From 1988, DeKi 101 was frequently used as an assisting locomotive at the back of steam-hauled SL Paleo Express services operating on the Chichibu Main Line. This locomotive was withdrawn in 2006, and was repainted into its original brown livery at Hirosegawara Depot, where it remains stored.

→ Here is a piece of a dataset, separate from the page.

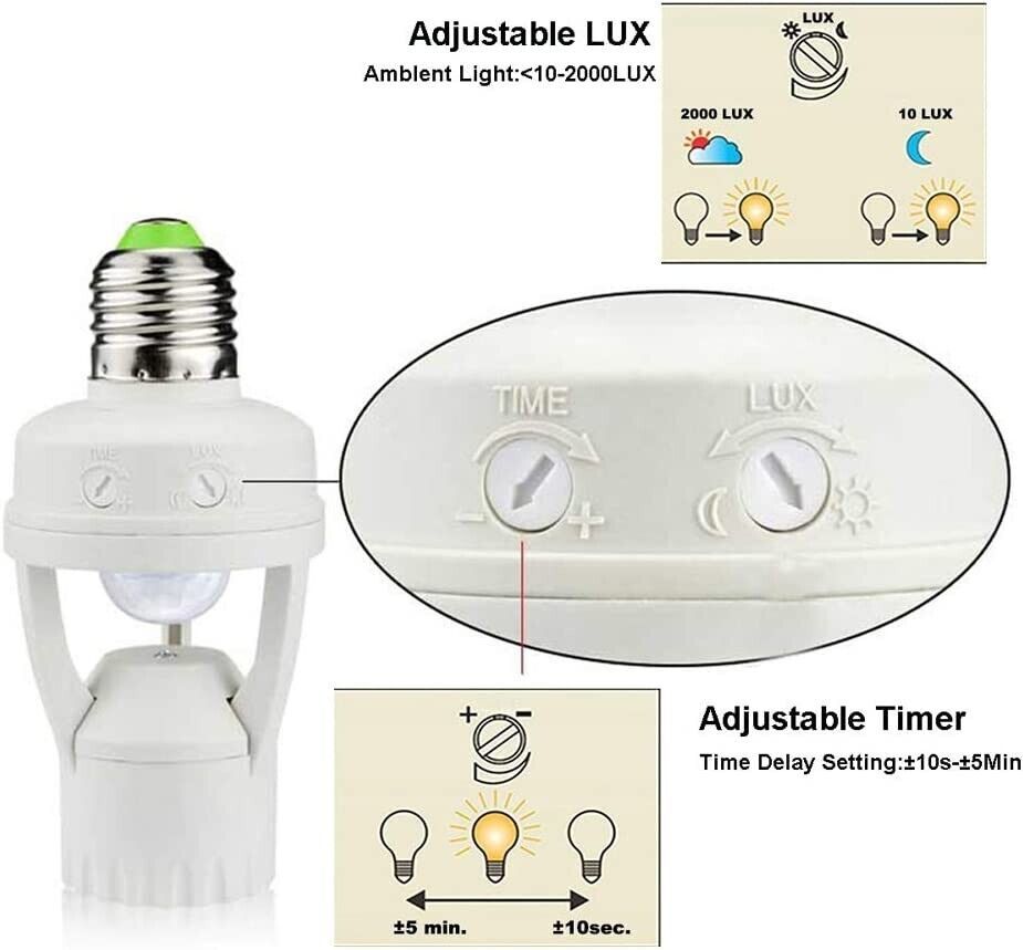 ?Adjustable Bulb Socket Adapter: The time device can set the time and LUX adjustable illumination (3-2000lux), you could set its status and working mode according to your needs.

Locomotive DeKi 103 was repainted in red livery in 2011, but was returned to the standard blue and white stripe livery in October 2014 following overhaul.

==Fleet details==

| Number | Manufacturer | Year built | Year withdrawn | Notes |
|---|---|---|---|---|
| DeKi 101 | Hitachi | 1951 | 2006 | Originally Chichibu Cement DeKi 8 |
| DeKi 102 | Hitachi | 1954 |  |  |
| DeKi 103 | Hitachi | 1954 |  | Repainted into red livery, 2011-2014 |
| DeKi 104 | Hitachi | 1956 |  |  |
| DeKi 105 | Hitachi | 1956 |  |  |
| DeKi 106 | Hitachi | 1956 | 2008 | Damaged in derailment |
| DeKi 107 | Hitachi | 1951 |  | Originally Matsuo Mining Railway ED501 |
| DeKi 108 | Hitachi | 1951 |  | Originally Matsuo Mining Railway ED502 |

==Preserved examples==
DeKi 101 is preserved at Hirosegawara Depot.